Record set:
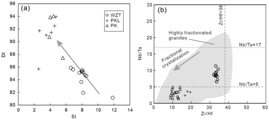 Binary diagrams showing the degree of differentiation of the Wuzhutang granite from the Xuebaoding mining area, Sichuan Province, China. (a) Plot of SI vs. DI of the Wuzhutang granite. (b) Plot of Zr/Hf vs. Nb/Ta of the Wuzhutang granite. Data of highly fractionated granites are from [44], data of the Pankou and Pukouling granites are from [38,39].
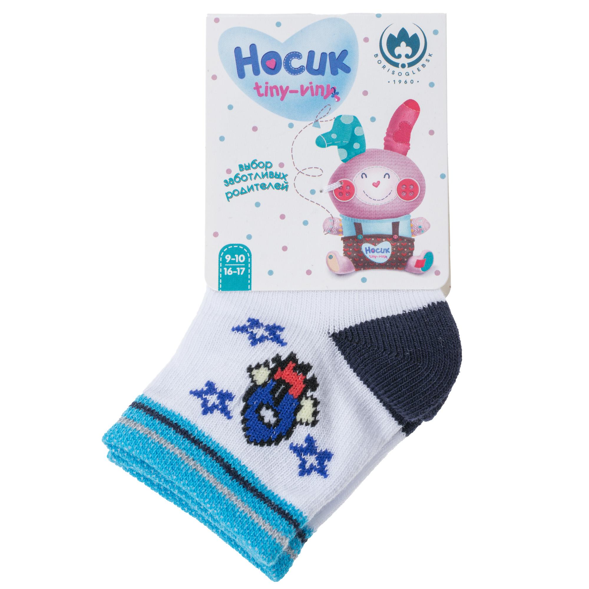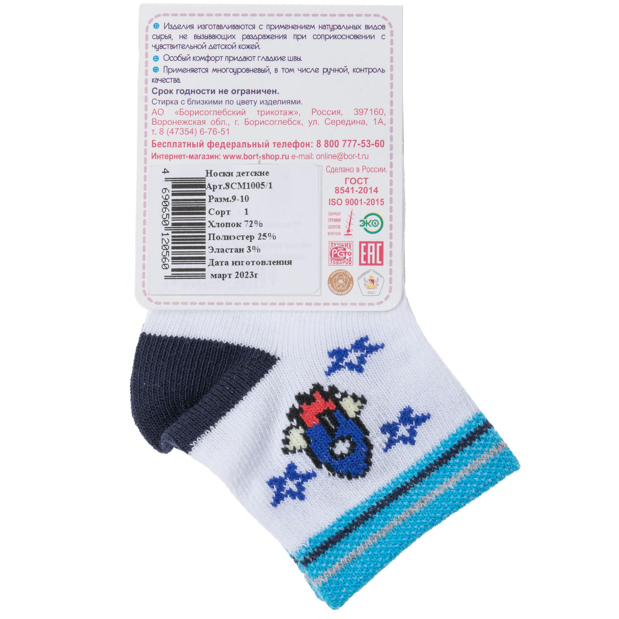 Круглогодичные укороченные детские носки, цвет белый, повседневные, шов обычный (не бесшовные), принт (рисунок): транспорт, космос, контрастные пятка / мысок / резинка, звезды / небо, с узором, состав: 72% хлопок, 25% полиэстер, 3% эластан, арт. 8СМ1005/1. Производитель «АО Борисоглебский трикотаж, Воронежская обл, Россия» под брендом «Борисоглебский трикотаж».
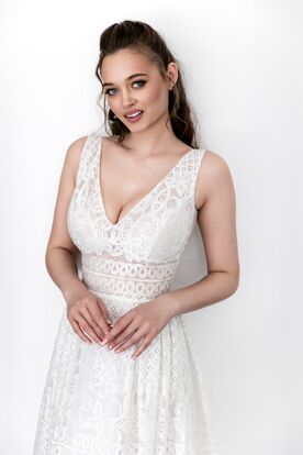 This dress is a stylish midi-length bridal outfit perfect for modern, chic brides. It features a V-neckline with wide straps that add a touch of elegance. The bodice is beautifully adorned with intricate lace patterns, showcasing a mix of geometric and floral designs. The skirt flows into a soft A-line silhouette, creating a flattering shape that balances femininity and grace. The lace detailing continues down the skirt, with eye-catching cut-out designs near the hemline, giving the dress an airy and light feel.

---

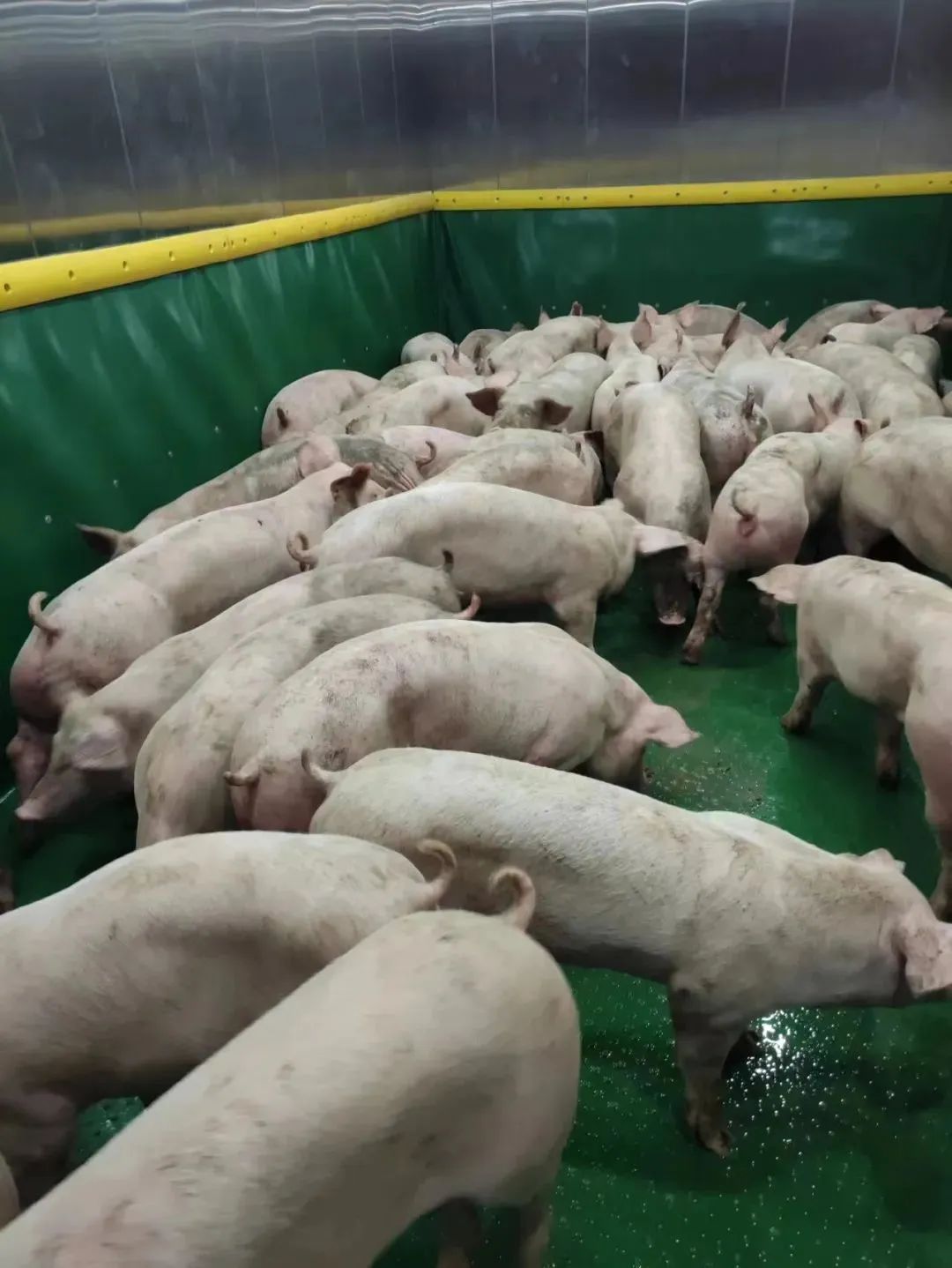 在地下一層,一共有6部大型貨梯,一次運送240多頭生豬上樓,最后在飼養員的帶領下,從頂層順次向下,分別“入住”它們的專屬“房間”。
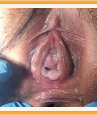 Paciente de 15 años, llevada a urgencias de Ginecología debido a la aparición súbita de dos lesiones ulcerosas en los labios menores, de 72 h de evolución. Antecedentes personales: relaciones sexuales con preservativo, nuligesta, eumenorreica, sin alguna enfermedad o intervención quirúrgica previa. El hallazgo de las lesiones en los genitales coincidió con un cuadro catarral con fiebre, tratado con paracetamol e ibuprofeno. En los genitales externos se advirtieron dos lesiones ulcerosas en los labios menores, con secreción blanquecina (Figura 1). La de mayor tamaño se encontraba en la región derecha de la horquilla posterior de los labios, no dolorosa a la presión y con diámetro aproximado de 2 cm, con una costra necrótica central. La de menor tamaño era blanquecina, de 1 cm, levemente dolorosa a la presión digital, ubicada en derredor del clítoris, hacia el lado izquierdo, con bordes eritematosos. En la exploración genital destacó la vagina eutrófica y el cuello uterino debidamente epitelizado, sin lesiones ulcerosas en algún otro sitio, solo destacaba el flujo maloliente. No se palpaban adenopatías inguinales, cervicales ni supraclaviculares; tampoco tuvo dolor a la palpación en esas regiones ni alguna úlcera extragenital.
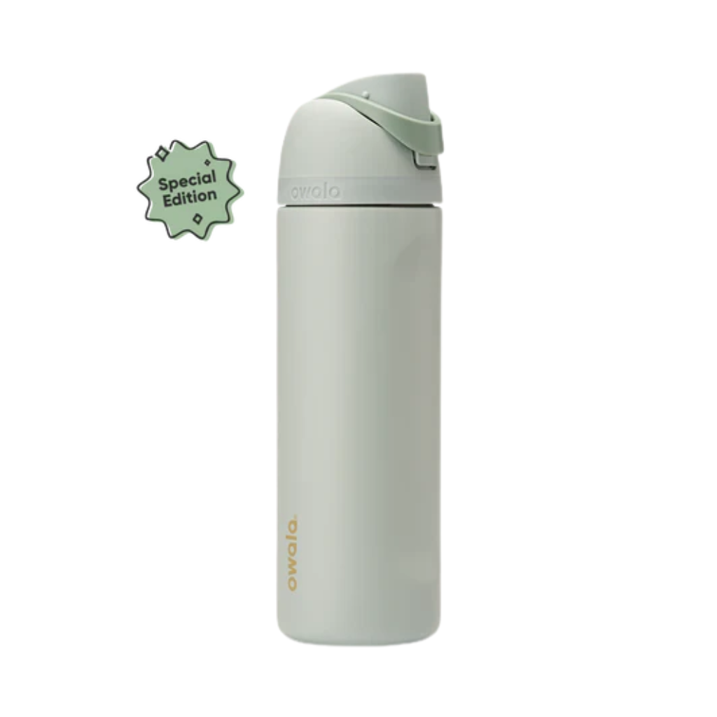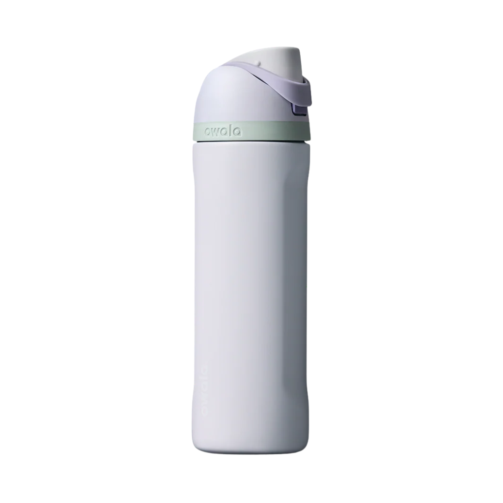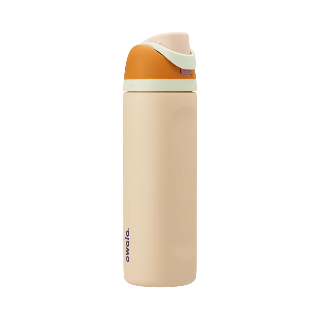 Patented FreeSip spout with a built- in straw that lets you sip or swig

Exercise goal:
Only the lines above from the one containing "Круглогодичные укороченные детские" through the one containing "This dress is" should be returned, verbatim and inclusive, with pictures excluded.

Answer below:
 Круглогодичные укороченные детские носки, цвет белый, повседневные, шов обычный (не бесшовные), принт (рисунок): транспорт, космос, контрастные пятка / мысок / резинка, звезды / небо, с узором, состав: 72% хлопок, 25% полиэстер, 3% эластан, арт. 8СМ1005/1. Производитель «АО Борисоглебский трикотаж, Воронежская обл, Россия» под брендом «Борисоглебский трикотаж».
 This dress is a stylish midi-length bridal outfit perfect for modern, chic brides. It features a V-neckline with wide straps that add a touch of elegance. The bodice is beautifully adorned with intricate lace patterns, showcasing a mix of geometric and floral designs. The skirt flows into a soft A-line silhouette, creating a flattering shape that balances femininity and grace. The lace detailing continues down the skirt, with eye-catching cut-out designs near the hemline, giving the dress an airy and light feel.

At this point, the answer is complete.